Something in her tone did not sit well with the nun. “Your name?”

“Erin Brandt.”

“One moment.”

But before the nun could shut the door, Erin was already pushing through. “We will wait inside.”

“But you are not-”

“Will you tell the Mother Superior we are here? Or shall I?”

Within the compound, the silence was only more intense. The nuns Reiner could see moved without disturbing the serenity, as though they had already been swallowed and lost. He wanted to shout, rage, scream, burn. Anything to add a bit of comforting chaos.

By the time the sister returned, Reiner’s skin felt attacked by a million roaches, all crawling and scrambling with a shared urge to flee. The nun gave him a look that suggested she knew exactly what he was thinking, but all she said was, “This way.”

“I know precisely,” Erin announced, striding rapidly away from the nun, “where the Mother Superior’s offices are located.”

The nun released Erin with a huffed indignation, leaving Reiner to catch up alone. They passed through an inner portal and entered a much larger courtyard filled with colorful playground equipment. “A school,” Reiner said.

“A prison.” Erin turned into a passage so ancient the outer walls were thicker than Reiner was tall. “A scourge.” She hammered her heels into each stone stair, so that they echoed with her words. “A pestilence. A misery. A torture. A place of hatred and pain and fear.”

“Only for some,” announced a quiet voice at the top of the winding stairwell. “Only for a very few.”
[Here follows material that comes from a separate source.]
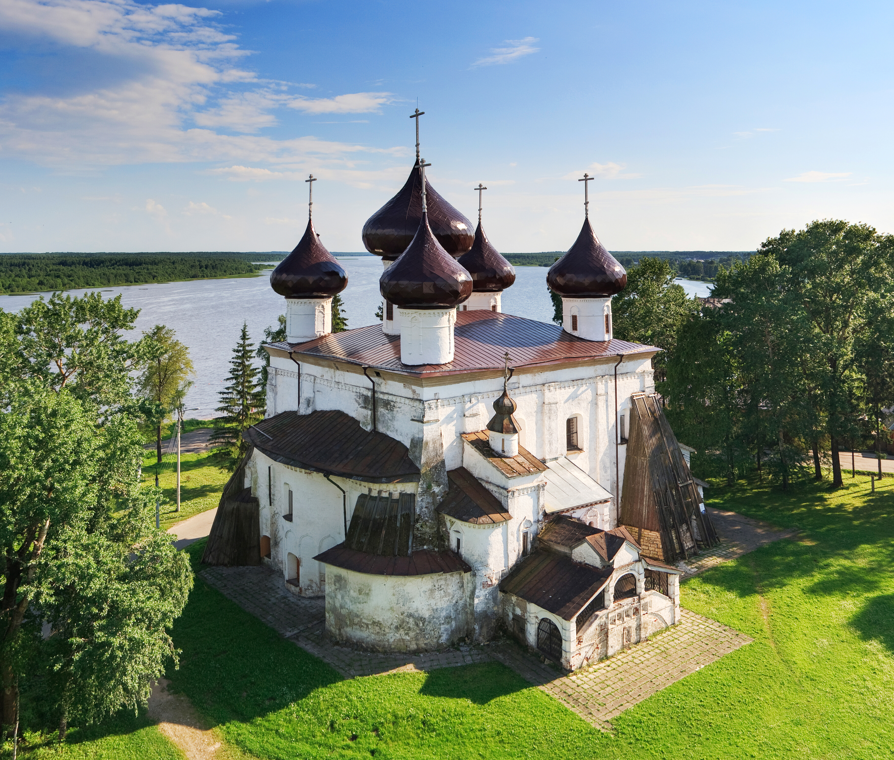 Church of the Nativity of Christ, Kargopol, Arkhangelsk Oblast, Russia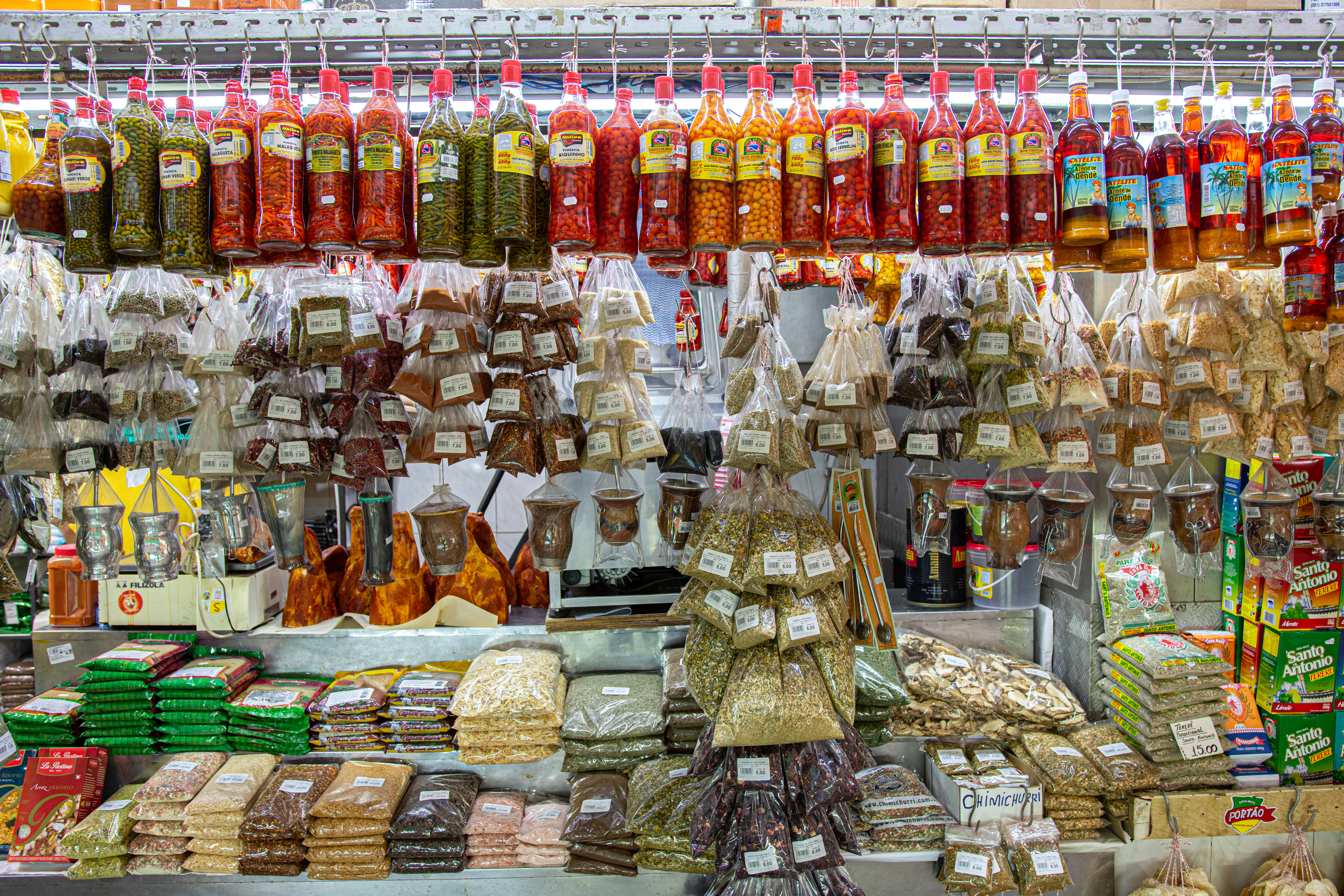 Spices of Mercado Municipal de São Paulo

“You felt the exact same way.” Erin would have barreled right through the sister, had she not stepped away.

“Only for a time.”

“For years.” Erin marched into the office occupying the stone-lined corner. “How often were we whipped together?”

“Too often.” The Mother Superior held the door for Reiner and gave the baby a startled glance. “And not often enough.”

“Just exactly the sort of miserable response I would expect from someone who joined the enemy.”

“Sit down, Erin.”

“I will not be here that long.”

“Sit. Please.”

She crouched into the seat, her backside barely scraping the wood’s edge. Her hands formed claws around the carved armrests as she watched the Mother Superior step behind her desk. “I need your help.”

“You are looking well.” The few strands of hair escaping from beneath the nun’s habit were almost transparent, as though the silence had sufficient force to wash away all color, all pretense of freedom. Her voice held the eerie quality of being able to speak without ruffling the stillness. “I have heard you are doing great things.”

“Someone is after my baby,” Erin continued grimly. “I need you to look after her.”

Agnes looked at Reiner for the first time. Her gaze was as excruciating as the rest of this place. “Your husband?”

“My manager.”

“Ah. Of course.” She dismissed him. “You know we do not care for infants.”

“She is a child. You take children. She is merely a bit younger than most.”

“This is not possible.”

Reiner watched with the experience of years. He knew Erin had come expecting these words. And was prepared.